Interpreting natural rights: Gorry and ‘the family’ under Article 41

While the Irish Constitution is not untypical among world constitutions in robustly protecting the family against external interference, it does so in untypically strident terms. The opening subsection of Art 41 reads:

The State recognises the Family as the natural primary and fundamental unit group of Society, and as a moral institution possessing inalienable and imprescriptible rights, antecedent and superior to all positive law.

The words do not specify particular rights that ‘the Family’ enjoys but do indicate that, whatever those rights might be, they enjoy an extraordinarily high degree of protection. Taken in isolation, the phrase ‘inalienable and imprescriptible …’ suggests the family’s rights cannot be taken or given away, nor lost by the passage of time. The phrase ‘antecedent and superior to all positive law’ suggests recognition of a range of rights that pre-existed the political state, which are now beyond the reach of the State’s authority.

Over the past decade, Irish judges have begun to articulate what had been an unarticulated interpretive approach to these radical natural law phrases. In a 2013 judgement, Hogan J – a noted constitutional historian – suggested that the drafters of the Constitution had not intended these terms to be read ‘absolutely literally’, but rather, to convey that the rights of the family would enjoy ‘the highest possible level of legal protection which might realistically be afforded in a modern society’ (FH v Staunton [2013] IEHC 533).

In Gorry v Minister for Justice [2020] IESC 55, this ‘seriously but not literally’ approach was at the heart of a fervent disagreement between two senior judges as to the meaning and implications of Ireland’s constitutional clause on the family. In O’Donnell J’s view, Gorry stood ‘at a junction in the development of the caselaw on Article 41’ and the ‘route chosen’ – whether his own or that preferred by McKechnie J – would be of ‘longer-term significance’ (para. 9). The latter’s route would mean a potentially very broad range of rights falling under Art 41, identified over time by individual judges. The former’s route would keep the provision on a tighter rein: any new right identified would have to be firmly rooted in the constitutional text.

Ifeyinwa Gorry arrived in Ireland from Nigeria in 2005 and was unsuccessful in her application for asylum. She was later the subject of a deportation order, which she evaded for a number of years. In 2006, she met Joseph Gorry, an Irish citizen.
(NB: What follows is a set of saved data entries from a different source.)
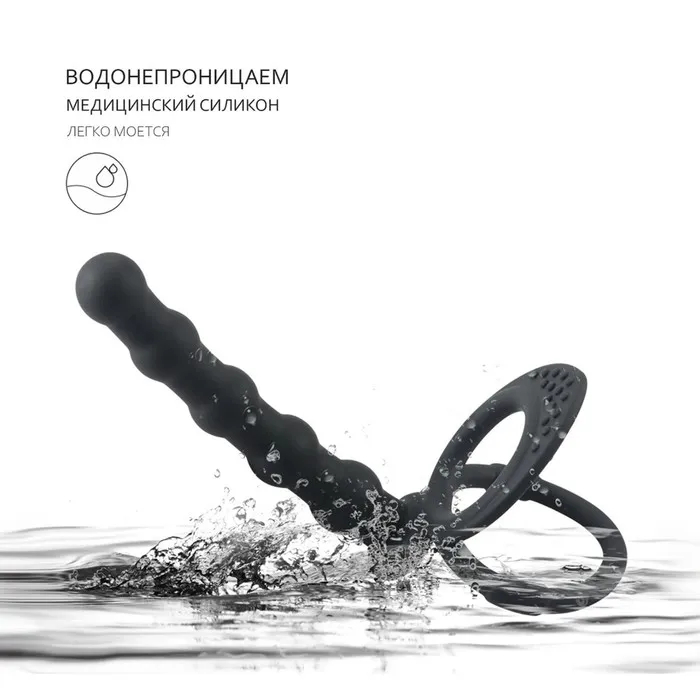 Насадка на пенис с эрекционным кольцом «Бусины», черный — Характеристики
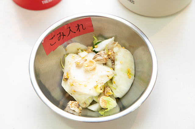 気になる生ゴミの量は……参加者の皆さんと一緒に調理した「白菜と豚肉の春雨うま煮」と試食用に準備した「エスニックおでん」と「和風ポトフ」計3品を参加人数調理して出た生ごみはわずかにこれだけ。参加者からもこれには驚きの声があがっていました。
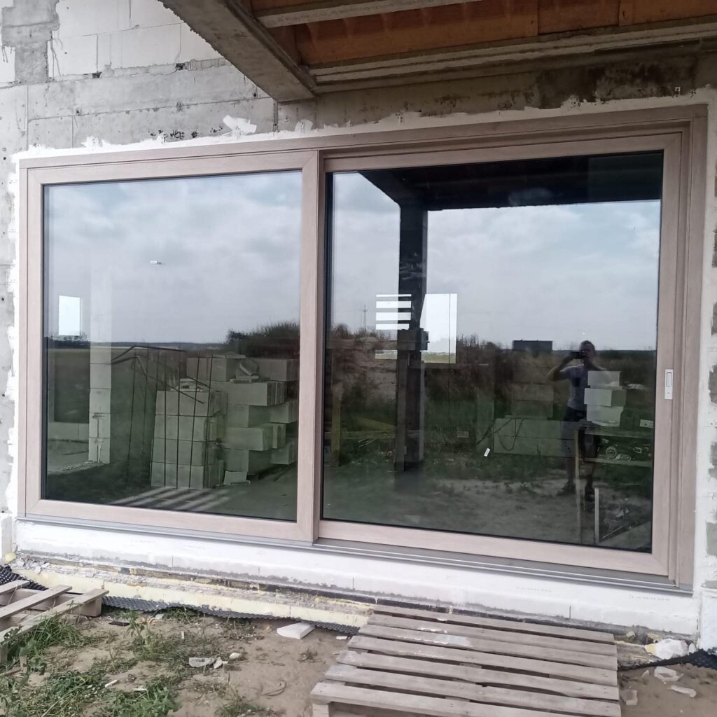 Nasza realizacja w domku jednorodzinnym. Profil okien Gealan S 9000, okno przesuwne HST- kolor: dąb bielony. Montaż za pomocą systemu #TytanWins, który jest idealnym rozwiązaniem zapewniającym trwałość, szczelność i izolację termiczną.
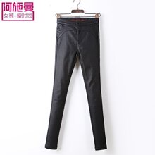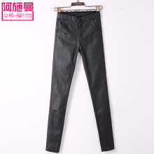 雅格斯曼女裤2016新款秋冬涂层仿皮亮丝打底裤女小脚长裤加绒加厚
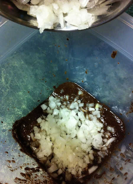 Añadir la cebolla picada en el paso 5 y agregue el pollo (u otra carne, si se utiliza).
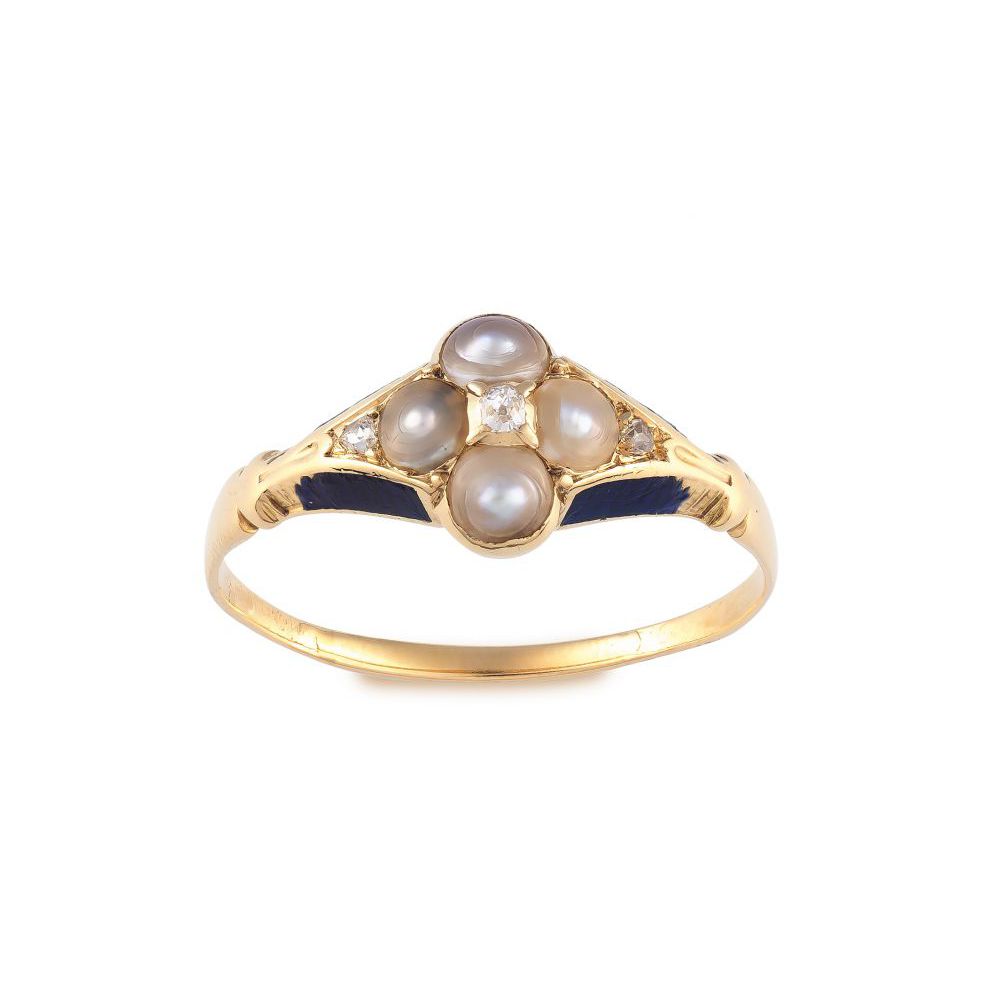 set to the front with four seed pearls accented with rose-cut and old-cut diamonds, the shoulders heightened with blue enamel, enamel damaged, size M
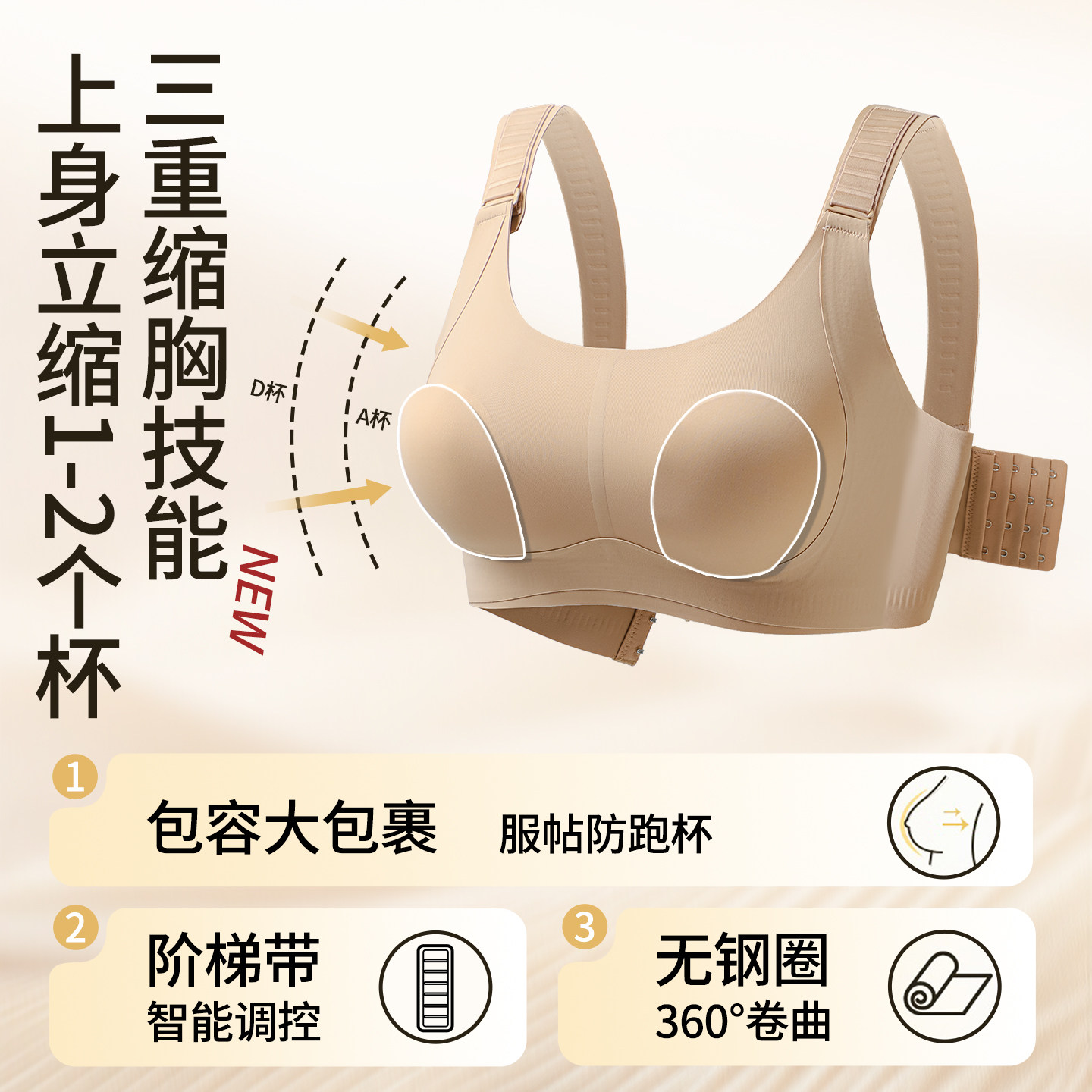 7档可调节提拉防下垂内衣女大胸显小胸薄款

They married in 2009, prompting Mrs Gorry to apply to the Minister for Justice for revocation of the deportation order (s. 3(11) of the Immigration Act 1999). After considering the matter, the minister declined to revoke the order. He relayed the decision to Mrs Gorry in a letter setting out reasons.

Mrs Gorry challenged the minister’s decision by way of judicial review. She was successful before the High Court and later, following appeals by the State, before both the Court of Appeal and the Supreme Court. All judges at all levels agreed that the minister had erred in law in the manner in which he reached his decision. The letter suggested that the minister, when making his decision, had conflated Art 8 of the European Convention on Human Rights with Art 41 of the Constitution, when he should have considered those provisions ‘separately and distinctly’ (para. 27). The distinctiveness of the language of the two provisions was significant in this regard. But it would be too simple to say that this alone was decisive. Rather, it was this distinctiveness in language combined with the distinctive histories of the documents, and in particular their distinctive status and functions in domestic Irish law, that meant that the minister was legally obliged to consider them separately.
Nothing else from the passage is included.